**Input for this task:**
--- START ---

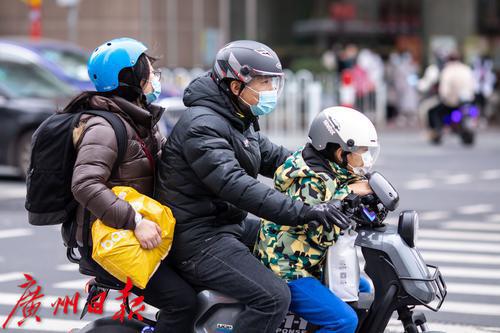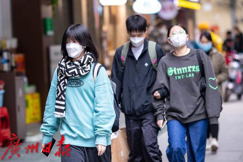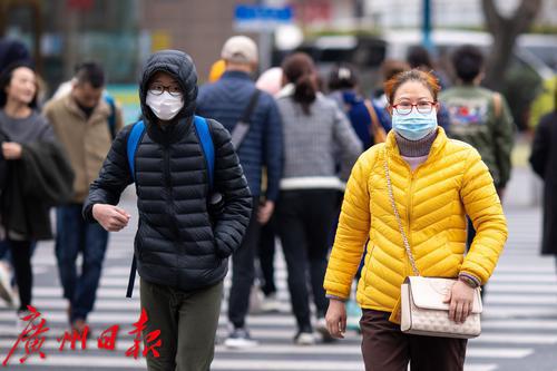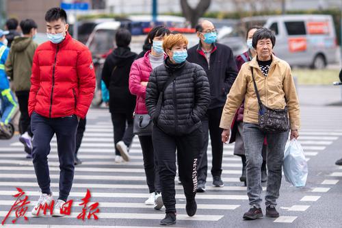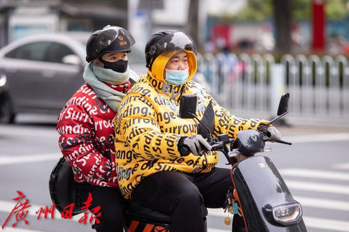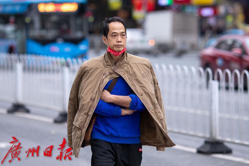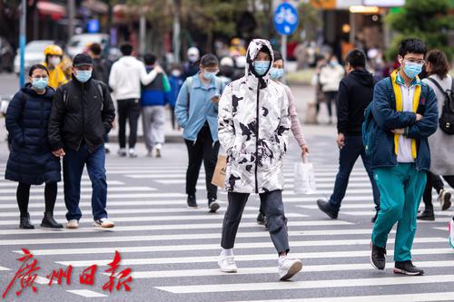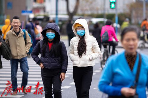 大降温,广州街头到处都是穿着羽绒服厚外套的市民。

--- END ---
--- START ---

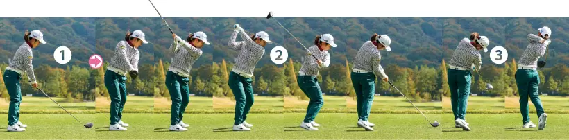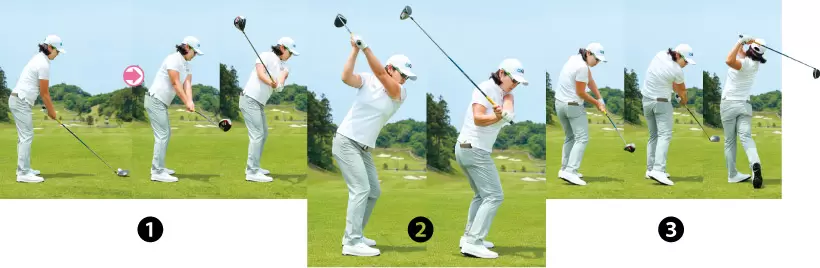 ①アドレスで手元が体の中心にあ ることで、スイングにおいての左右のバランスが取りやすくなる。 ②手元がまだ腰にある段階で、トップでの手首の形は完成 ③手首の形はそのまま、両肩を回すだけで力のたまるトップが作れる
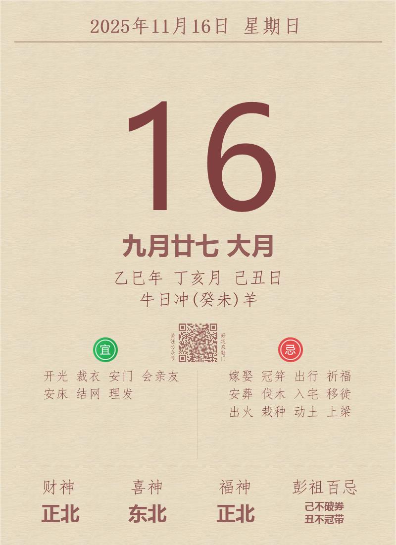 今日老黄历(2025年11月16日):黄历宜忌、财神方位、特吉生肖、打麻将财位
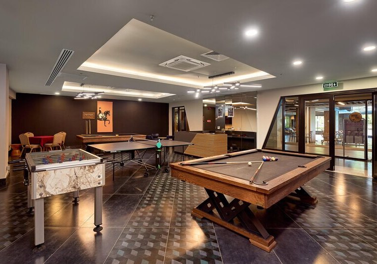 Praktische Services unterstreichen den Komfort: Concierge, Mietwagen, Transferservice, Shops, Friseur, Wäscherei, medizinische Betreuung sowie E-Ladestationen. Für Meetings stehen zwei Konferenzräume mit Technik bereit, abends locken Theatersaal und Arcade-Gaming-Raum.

--- END ---

**Exercise instructions:**
While skipping the pictures, transcribe the data above from the line showing "今日老黄历(2025年11月16日):黄历宜忌、财神方位、特吉生肖、打麻将财位" through the line showing "Praktische Services unterstreichen", exactly and with both ends.

**Expected answer:**
 今日老黄历(2025年11月16日):黄历宜忌、财神方位、特吉生肖、打麻将财位
 Praktische Services unterstreichen den Komfort: Concierge, Mietwagen, Transferservice, Shops, Friseur, Wäscherei, medizinische Betreuung sowie E-Ladestationen. Für Meetings stehen zwei Konferenzräume mit Technik bereit, abends locken Theatersaal und Arcade-Gaming-Raum.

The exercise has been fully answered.